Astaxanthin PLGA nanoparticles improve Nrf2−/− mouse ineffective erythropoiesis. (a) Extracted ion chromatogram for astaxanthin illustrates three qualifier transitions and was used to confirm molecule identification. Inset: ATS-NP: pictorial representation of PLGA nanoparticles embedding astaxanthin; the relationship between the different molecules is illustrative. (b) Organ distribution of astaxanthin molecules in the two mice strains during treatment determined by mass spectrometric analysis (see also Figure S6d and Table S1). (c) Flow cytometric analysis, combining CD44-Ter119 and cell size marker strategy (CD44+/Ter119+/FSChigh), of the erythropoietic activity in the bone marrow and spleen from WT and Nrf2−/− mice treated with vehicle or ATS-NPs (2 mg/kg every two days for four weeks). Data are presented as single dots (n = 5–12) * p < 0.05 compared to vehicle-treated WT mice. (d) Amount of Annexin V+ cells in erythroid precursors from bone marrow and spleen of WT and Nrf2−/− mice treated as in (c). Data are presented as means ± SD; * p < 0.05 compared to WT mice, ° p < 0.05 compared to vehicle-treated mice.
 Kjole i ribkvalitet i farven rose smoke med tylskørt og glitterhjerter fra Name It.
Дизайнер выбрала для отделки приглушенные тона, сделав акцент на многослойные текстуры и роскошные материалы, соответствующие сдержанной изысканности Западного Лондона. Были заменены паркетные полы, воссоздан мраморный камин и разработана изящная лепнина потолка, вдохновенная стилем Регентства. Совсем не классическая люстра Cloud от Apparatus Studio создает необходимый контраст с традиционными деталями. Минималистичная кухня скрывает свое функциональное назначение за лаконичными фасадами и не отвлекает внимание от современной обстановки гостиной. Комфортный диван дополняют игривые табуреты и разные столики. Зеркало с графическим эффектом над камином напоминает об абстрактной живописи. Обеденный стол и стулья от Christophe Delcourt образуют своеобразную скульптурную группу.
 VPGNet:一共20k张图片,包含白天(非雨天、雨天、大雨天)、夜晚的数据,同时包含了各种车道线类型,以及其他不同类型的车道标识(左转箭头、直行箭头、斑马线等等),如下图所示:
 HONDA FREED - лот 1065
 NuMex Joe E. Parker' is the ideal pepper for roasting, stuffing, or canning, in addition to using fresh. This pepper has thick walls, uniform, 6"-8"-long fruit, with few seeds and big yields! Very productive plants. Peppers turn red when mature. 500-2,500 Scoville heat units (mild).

WORK TO COMPLETE —
The lines above from the one containing "VPGNet:一共20k张图" through the one containing "HONDA FREED - лот 1065" are to be set down exactly, and no others.

RESPONSE BELOW —
 VPGNet:一共20k张图片,包含白天(非雨天、雨天、大雨天)、夜晚的数据,同时包含了各种车道线类型,以及其他不同类型的车道标识(左转箭头、直行箭头、斑马线等等),如下图所示:
 HONDA FREED - лот 1065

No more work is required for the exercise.